[Click] Race condition with FullNoteQueue signaling in multithreading
Cliff Frey
cliff at meraki.com
Wed Oct 20 02:16:17 EDT 2010
Beyers,
Eddie and I discovered and fixed a few other (very evil) memory barrier
bugs, so you should probably update.
Cliff
On Fri, Oct 15, 2010 at 7:40 AM, Eddie Kohler <kohler at cs.ucla.edu> wrote:
> Great, glad it's fixed!
> E
>
>
>
> On 10/15/2010 06:35 AM, Beyers Cronje wrote:
>
>> Hi Eddie,
>>
>> I'm happy to report that I've been unable to reproduce the bug using the
>> latest commit. So as far as I can tell this fixed the issue I was having.

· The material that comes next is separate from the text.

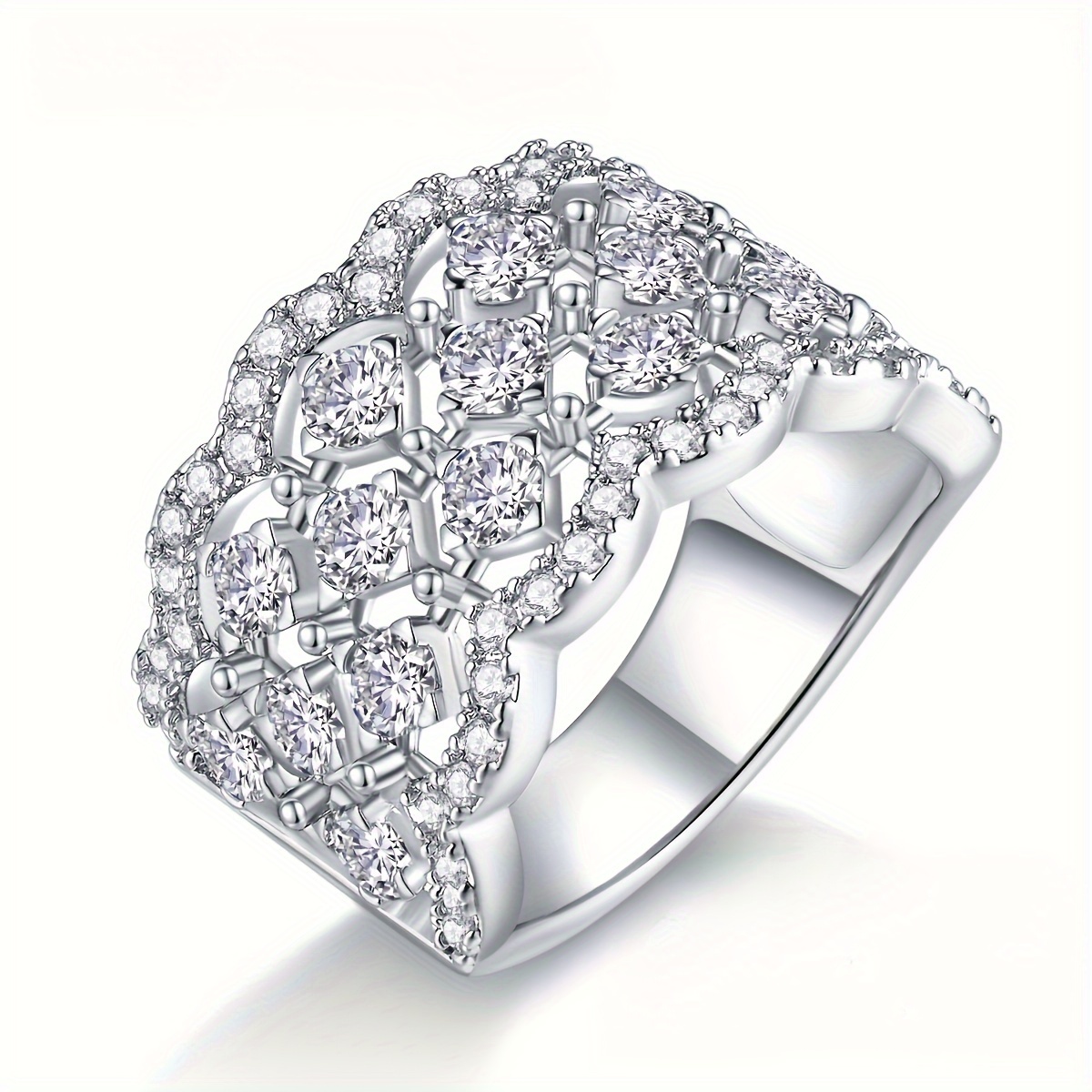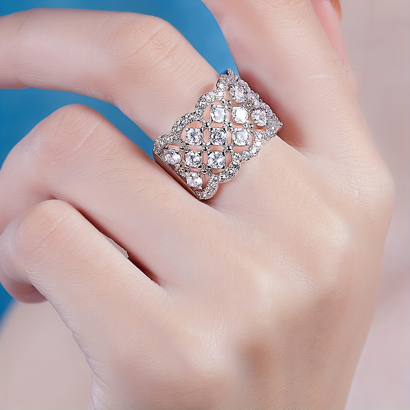 “There is a wonderful tactile quality to this ring; the textured ‘small fragrant’ design feels premium and substantial against the skin. Unlike a traditional solitaire that can feel top-heavy, this band is perfectly balanced, making it ideal for someone who leads an active lifestyle but refuses to compromise on sparkle. When the light hits the eighteen stones simultaneously, it creates a ‘shimmer’ effect rather than a single flash, which looks incredibly sophisticated during a candlelit Christmas dinner or a night out. It feels less like a piece of jewelry and more like a piece of wearable art. It’s the kind of ring you find yourself running your thumb over just to feel the intricate metalwork and the smooth facets of the stones.”

>> Eddie, Cliff, you guys rock, thanks so much for your assistance on this.
>> Kind regards
>> Beyers Cronje
>>
>> On Fri, Oct 15, 2010 at 6:24 AM, Eddie Kohler <kohler at cs.ucla.edu
>> <mailto:kohler at cs.ucla.edu>> wrote:
>>
>> Beyers,
>>
>> I believe I've found the problem... or A problem. What does this
>> commit do for you?
>>
>>
>> http://github.com/kohler/click/commit/96471bf1c0873447de007969f5a1e49b1a947071
>>
>> Eddie
>>
>>
>>
>> On 10/13/2010 05:01 PM, Beyers Cronje wrote:
>>
>> Hi Eddie,
>>
>> Thank you for your response and looking into this. I keep
>> forgetting
>> about your excellent Script element, during my tests I used a
>> much more
>> rudimentary method of verifying the issue :) I used a Counter
>> element
>> before and after the queue and manually read the counter's rate and
>> count handlers. After a while I noticed that both counters rate
>> dropped
>> to 0 and and both counters count stopped increasing,
>> *permanently*. From
>> what I can see the tasks NEVER re-schedule themselves.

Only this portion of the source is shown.